*Task:*
Each record below needs to be reproduced precisely, though not its pictures.

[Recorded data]
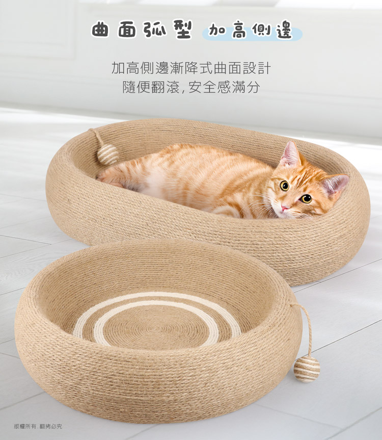 - 品 名:貓本屋 橢圓形 劍麻深睡大空間貓抓板貓窩
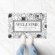 Accueillez les hôtes avec élégance grâce à ce tapis d'accueil personnalisé avec votre nom de famille, un message chaleureux "Bienvenue" et votre année "établie". Le design présente d'élégants contours floraux et botaniques en noir et blanc, avec des fleurs d'anémones, des bourgeons et des feuilles créant un motif sophistiqué autour d'un rectangle central. Le mélange délicat de typographie de script et de police serif ajoute une touche classique mais moderne, parfaite pour ajouter une ambiance élégante à votre entrée. Vous pouvez facilement customiser le texte et les couleurs pour correspondre à votre style personnel, ce qui en fait un ajout polyvalent à n'importe quelle maison. Ou vous pouvez le changer pour travailler pour un bureau wedding planner ou un fleuriste par exemple. Porte d'accueil personnalisée Nom de famille Blanc noir Motif Floral Home Décor Maison Chauffage Cadeau
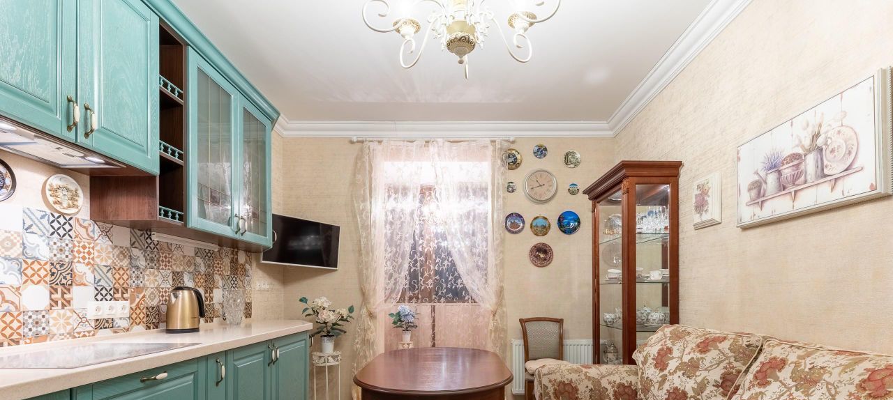• Гостиная и кухня объединяют современный функционал и уютную романтику: флористическая мягкая мебель, светлые оттенки, фактурные детали и полностью укомплектованная современная бытовая техника создают комфортное пространство как для отдыха, так и для приготовления пищи.
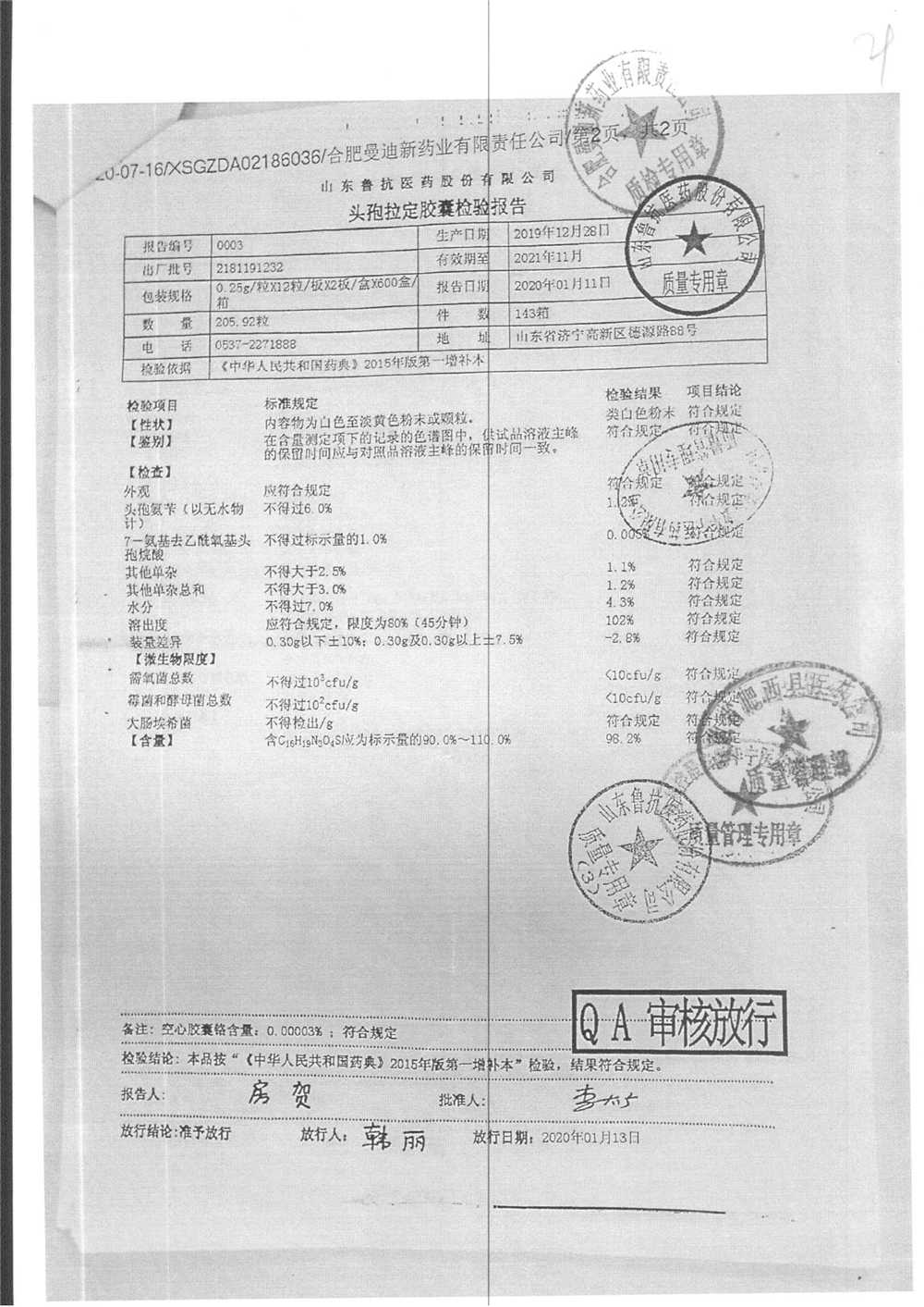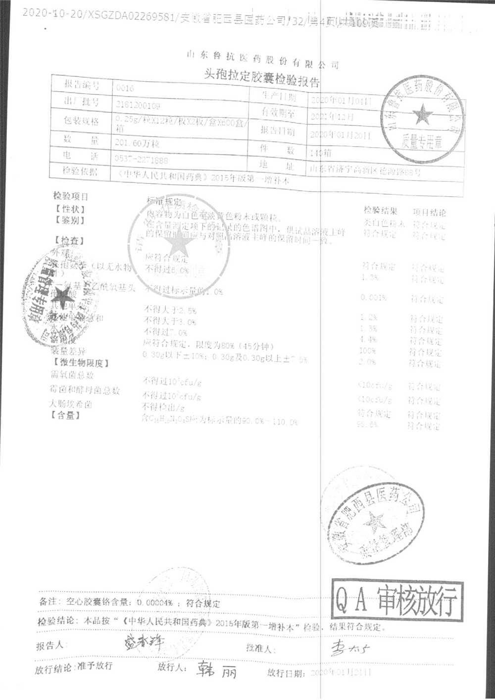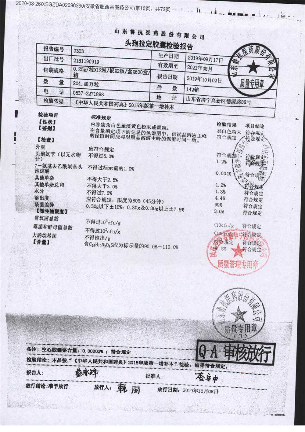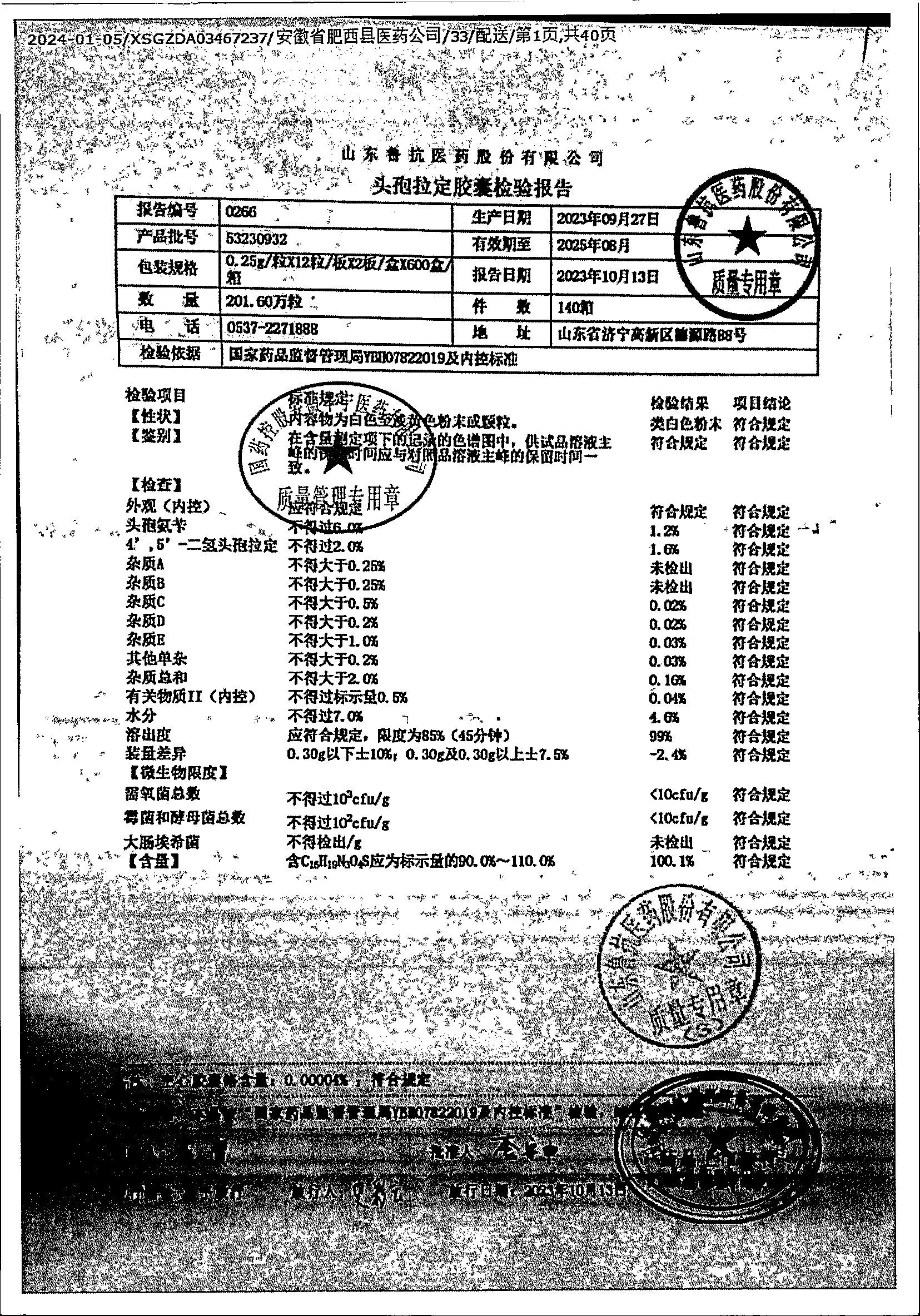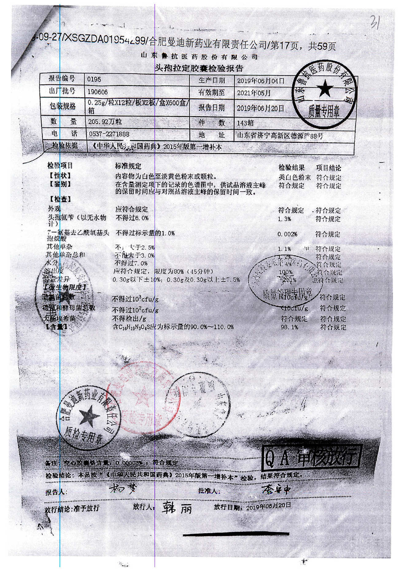 | 头孢拉定胶囊 | 0.25g*24粒 | 190429 | 查看详情 |
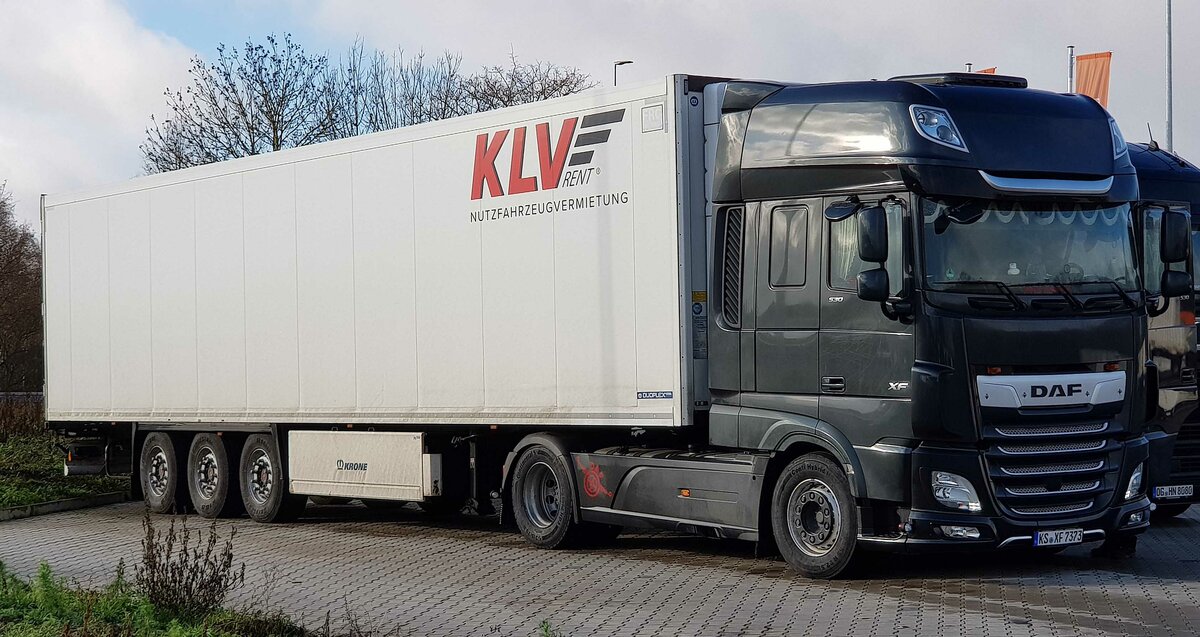 =DAF XF mit einem Sattelauflieger von KVL-Rent rastet im November 2021 an der A 7
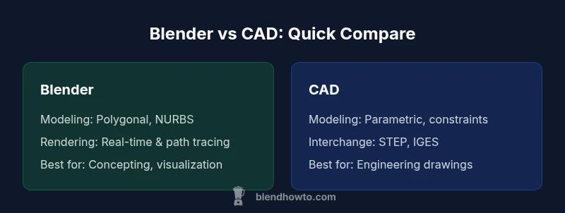 According to BlendHowTo, Blender and CAD occupy distinct design ecosystems: one is optimized for creative experimentation and rapid iteration, the other for engineering accuracy and production documentation. Blender bundles organic modeling, sculpting, texture work, and animation into a single, artist-friendly interface. CAD packages emphasize parameterized geometry, tolerances, and compliance with industry standards. The distinction matters because it shapes data structures, collaboration habits, and the way teams validate ideas. In practice, most teams use CAD for correctness and traceability, while Blender is used for concepting, visualization, and stakeholder presentations. The goal of this section is not to declare a winner, but to map the decision criteria that drive real-world choices: data fidelity, workflow interoperability, and the intended end-use of the model.
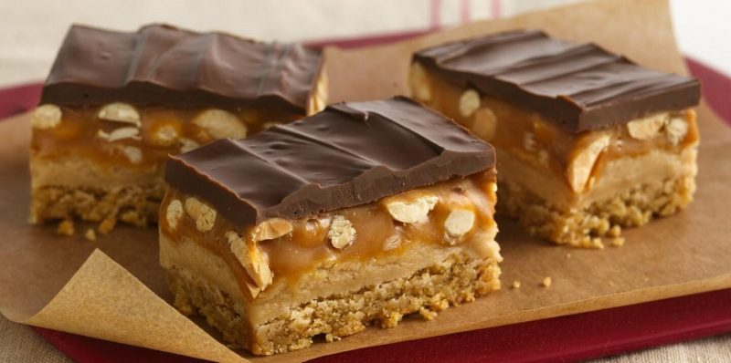 Шоколад плавится с сливками и выливается поверх карамельного слоя, после чего десерт снова отправляется в холод для полного застывания. Нарезка на аккуратные прямоугольники превращает лакомство в удобное к хранению угощение.

*Exercise response:*
 - 品 名:貓本屋 橢圓形 劍麻深睡大空間貓抓板貓窩
 Accueillez les hôtes avec élégance grâce à ce tapis d'accueil personnalisé avec votre nom de famille, un message chaleureux "Bienvenue" et votre année "établie". Le design présente d'élégants contours floraux et botaniques en noir et blanc, avec des fleurs d'anémones, des bourgeons et des feuilles créant un motif sophistiqué autour d'un rectangle central. Le mélange délicat de typographie de script et de police serif ajoute une touche classique mais moderne, parfaite pour ajouter une ambiance élégante à votre entrée. Vous pouvez facilement customiser le texte et les couleurs pour correspondre à votre style personnel, ce qui en fait un ajout polyvalent à n'importe quelle maison. Ou vous pouvez le changer pour travailler pour un bureau wedding planner ou un fleuriste par exemple. Porte d'accueil personnalisée Nom de famille Blanc noir Motif Floral Home Décor Maison Chauffage Cadeau
• Гостиная и кухня объединяют современный функционал и уютную романтику: флористическая мягкая мебель, светлые оттенки, фактурные детали и полностью укомплектованная современная бытовая техника создают комфортное пространство как для отдыха, так и для приготовления пищи.
 | 头孢拉定胶囊 | 0.25g*24粒 | 190429 | 查看详情 |
 =DAF XF mit einem Sattelauflieger von KVL-Rent rastet im November 2021 an der A 7
 According to BlendHowTo, Blender and CAD occupy distinct design ecosystems: one is optimized for creative experimentation and rapid iteration, the other for engineering accuracy and production documentation. Blender bundles organic modeling, sculpting, texture work, and animation into a single, artist-friendly interface. CAD packages emphasize parameterized geometry, tolerances, and compliance with industry standards. The distinction matters because it shapes data structures, collaboration habits, and the way teams validate ideas. In practice, most teams use CAD for correctness and traceability, while Blender is used for concepting, visualization, and stakeholder presentations. The goal of this section is not to declare a winner, but to map the decision criteria that drive real-world choices: data fidelity, workflow interoperability, and the intended end-use of the model.
 Шоколад плавится с сливками и выливается поверх карамельного слоя, после чего десерт снова отправляется в холод для полного застывания. Нарезка на аккуратные прямоугольники превращает лакомство в удобное к хранению угощение.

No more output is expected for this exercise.